New Model to Work with Hardware Acceleration#
Intel® VPL API version 2.0 introduces a new memory model: internal allocation where
Intel® VPL is responsible for video memory allocation. In this mode,
an application is not dependent on a low-level video framework API, such as
DirectX* or the VA-API, and does not need to create and set corresponding
low-level Intel® VPL primitives such as ID3D11Device or VADisplay. Instead,
Intel® VPL creates all required objects to work with hardware acceleration and video
surfaces internally. An application can get access to these objects using
MFXVideoCORE_GetHandle()
or with help of the
mfxFrameSurfaceInterface
interface.
This approach simplifies the Intel® VPL initialization, making calls to the
MFXVideoENCODE_QueryIOSurf()
, MFXVideoDECODE_QueryIOSurf()
,
or MFXVideoVPP_QueryIOSurf()
functions optional. See
Internal Memory Management.
Note
Applications can set device handle before session creation through MFXSetConfigFilterProperty()

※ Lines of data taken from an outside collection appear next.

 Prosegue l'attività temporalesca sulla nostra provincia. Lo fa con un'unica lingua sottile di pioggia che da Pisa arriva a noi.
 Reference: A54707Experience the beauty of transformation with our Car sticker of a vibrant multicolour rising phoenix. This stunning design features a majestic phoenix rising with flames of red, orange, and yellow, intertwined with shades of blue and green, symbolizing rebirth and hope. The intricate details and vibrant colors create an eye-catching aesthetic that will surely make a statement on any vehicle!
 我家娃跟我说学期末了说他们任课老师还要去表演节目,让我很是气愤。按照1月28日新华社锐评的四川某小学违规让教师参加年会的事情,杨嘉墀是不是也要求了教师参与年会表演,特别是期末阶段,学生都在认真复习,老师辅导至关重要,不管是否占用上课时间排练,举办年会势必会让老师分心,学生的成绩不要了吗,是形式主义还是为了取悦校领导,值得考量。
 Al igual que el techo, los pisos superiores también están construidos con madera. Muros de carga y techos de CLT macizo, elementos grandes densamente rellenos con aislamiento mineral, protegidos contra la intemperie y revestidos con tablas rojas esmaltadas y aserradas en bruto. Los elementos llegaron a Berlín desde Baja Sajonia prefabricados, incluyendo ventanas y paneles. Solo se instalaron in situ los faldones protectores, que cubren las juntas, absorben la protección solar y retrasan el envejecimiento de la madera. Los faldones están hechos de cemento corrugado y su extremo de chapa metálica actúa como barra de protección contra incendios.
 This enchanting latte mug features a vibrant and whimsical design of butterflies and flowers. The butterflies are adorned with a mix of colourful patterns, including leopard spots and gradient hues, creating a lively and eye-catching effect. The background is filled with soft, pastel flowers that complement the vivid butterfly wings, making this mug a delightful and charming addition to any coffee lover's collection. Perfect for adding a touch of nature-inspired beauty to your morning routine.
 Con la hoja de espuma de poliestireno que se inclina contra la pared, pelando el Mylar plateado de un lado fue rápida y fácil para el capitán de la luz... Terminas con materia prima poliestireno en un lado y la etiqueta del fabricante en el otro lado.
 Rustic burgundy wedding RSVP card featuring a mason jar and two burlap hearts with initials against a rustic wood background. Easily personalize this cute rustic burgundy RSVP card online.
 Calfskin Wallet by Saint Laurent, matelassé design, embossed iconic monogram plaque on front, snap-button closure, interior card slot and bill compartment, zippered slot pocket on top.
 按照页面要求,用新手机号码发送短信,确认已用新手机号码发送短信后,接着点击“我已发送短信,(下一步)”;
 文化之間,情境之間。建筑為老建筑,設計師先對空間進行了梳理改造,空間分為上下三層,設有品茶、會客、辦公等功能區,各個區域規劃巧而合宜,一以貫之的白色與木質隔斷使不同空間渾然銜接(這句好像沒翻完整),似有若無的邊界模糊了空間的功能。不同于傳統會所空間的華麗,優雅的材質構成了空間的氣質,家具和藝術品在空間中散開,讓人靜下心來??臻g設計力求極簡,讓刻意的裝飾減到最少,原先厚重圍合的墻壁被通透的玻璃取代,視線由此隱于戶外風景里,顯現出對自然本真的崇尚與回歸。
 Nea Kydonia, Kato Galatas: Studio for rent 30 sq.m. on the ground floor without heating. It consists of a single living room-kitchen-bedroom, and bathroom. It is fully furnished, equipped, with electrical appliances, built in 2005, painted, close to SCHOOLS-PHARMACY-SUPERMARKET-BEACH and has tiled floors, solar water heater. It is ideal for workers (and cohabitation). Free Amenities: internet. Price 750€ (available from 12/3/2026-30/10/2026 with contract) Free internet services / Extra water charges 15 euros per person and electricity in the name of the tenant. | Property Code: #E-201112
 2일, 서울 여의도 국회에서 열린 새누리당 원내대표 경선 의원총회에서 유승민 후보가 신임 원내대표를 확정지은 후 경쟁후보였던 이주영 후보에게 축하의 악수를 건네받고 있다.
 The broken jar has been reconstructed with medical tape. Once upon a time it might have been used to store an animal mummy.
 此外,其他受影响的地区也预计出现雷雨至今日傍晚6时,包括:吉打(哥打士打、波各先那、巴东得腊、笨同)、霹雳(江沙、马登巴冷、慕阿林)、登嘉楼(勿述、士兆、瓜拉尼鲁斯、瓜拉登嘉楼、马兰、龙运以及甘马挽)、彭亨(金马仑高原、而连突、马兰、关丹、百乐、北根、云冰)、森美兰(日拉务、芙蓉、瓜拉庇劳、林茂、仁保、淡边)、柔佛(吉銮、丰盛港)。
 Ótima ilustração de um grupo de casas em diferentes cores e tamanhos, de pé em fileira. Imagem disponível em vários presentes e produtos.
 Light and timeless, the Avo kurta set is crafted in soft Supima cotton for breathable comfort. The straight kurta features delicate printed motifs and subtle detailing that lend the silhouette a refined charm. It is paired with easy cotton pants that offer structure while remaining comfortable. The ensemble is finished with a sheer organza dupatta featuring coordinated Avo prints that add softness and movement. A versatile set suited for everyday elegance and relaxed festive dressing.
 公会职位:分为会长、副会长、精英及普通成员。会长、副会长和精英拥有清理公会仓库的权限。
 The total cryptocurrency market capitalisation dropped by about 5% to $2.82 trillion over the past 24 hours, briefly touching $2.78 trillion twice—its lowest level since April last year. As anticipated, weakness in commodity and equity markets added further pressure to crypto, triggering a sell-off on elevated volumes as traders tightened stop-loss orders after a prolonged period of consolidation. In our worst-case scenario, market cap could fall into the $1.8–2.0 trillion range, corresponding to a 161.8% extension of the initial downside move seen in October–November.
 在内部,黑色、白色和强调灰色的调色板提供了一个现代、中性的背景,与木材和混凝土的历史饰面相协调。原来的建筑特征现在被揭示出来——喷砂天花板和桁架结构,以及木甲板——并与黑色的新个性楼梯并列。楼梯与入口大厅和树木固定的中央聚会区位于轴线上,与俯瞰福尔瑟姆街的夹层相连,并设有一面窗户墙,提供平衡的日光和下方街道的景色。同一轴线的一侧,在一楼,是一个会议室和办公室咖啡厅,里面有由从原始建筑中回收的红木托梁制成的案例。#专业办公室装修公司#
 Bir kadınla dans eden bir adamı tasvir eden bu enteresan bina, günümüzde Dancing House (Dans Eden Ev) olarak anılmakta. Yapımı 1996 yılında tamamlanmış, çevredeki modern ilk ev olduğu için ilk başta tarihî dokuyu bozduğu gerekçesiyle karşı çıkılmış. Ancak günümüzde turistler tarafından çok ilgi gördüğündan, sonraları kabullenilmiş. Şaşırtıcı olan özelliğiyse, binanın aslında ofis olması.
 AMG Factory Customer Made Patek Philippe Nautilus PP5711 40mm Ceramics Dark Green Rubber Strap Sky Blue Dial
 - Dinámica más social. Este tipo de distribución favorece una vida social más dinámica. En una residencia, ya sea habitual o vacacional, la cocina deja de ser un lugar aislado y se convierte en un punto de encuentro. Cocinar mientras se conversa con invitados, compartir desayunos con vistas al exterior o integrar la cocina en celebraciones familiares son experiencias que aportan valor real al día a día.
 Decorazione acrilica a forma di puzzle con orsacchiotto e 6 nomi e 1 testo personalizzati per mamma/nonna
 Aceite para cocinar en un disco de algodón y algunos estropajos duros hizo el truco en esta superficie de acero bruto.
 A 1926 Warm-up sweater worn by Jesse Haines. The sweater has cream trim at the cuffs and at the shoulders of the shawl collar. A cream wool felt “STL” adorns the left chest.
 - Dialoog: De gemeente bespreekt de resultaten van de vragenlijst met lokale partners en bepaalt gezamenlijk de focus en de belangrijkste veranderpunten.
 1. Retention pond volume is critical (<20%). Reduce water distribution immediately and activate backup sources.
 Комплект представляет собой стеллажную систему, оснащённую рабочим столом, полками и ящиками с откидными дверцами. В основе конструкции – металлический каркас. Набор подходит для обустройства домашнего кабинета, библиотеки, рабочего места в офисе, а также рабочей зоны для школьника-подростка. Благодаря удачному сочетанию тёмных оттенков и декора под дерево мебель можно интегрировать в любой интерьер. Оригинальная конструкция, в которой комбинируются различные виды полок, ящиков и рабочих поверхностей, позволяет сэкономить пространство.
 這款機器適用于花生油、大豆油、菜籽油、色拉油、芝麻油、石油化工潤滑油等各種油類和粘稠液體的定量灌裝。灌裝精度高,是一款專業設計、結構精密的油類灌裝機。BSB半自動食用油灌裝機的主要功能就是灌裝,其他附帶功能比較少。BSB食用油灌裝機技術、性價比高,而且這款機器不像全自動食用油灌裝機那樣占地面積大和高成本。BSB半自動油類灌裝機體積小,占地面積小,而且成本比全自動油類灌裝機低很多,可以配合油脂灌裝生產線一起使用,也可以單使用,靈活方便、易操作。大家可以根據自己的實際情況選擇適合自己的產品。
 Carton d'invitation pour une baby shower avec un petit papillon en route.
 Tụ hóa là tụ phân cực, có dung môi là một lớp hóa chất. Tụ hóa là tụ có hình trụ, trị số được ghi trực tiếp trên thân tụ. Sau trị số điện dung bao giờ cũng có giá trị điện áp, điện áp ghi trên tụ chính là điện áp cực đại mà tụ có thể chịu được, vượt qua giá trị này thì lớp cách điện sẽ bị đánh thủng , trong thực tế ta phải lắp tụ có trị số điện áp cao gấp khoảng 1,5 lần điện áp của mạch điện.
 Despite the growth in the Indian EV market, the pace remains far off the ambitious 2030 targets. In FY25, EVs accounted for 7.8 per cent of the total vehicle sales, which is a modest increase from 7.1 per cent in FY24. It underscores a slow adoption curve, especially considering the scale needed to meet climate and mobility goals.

like shown in the code below:
1mfxLoader loader = MFXLoad();
2mfxConfig config1 = MFXCreateConfig(loader);
3mfxConfig config2 = MFXCreateConfig(loader);
4mfxSession session;
5
6mfxVariant HandleType;
7HandleType.Type = MFX_VARIANT_TYPE_U32;
8HandleType.Data.U32 = MFX_HANDLE_VA_DISPLAY;
9MFXSetConfigFilterProperty(config1, (mfxU8*)"mfxHandleType", HandleType);
10
11mfxVariant DisplayHandle;
12DisplayHandle.Type = MFX_VARIANT_TYPE_PTR;
13HandleType.Data.Ptr = vaDisplay;
14MFXSetConfigFilterProperty(config2, (mfxU8*)"mfxHDL", DisplayHandle);
15
16MFXCreateSession(loader, 0, &session);
Work with Hardware Acceleration in Legacy Mode#
Work with Multiple Media Devices#
If your system has multiple graphics adapters, you may need hints on which adapter is better suited to process a particular workload. The legacy mode of Intel® VPL provides a helper API to select the most suitable adapter for your workload based on the provided workload description.
Important
MFXQueryAdapters()
, MFXQueryAdaptersDecode()
,
and MFXQueryAdaptersNumber()
are deprecated starting
from API 2.9. Applications should use MFXEnumImplementations()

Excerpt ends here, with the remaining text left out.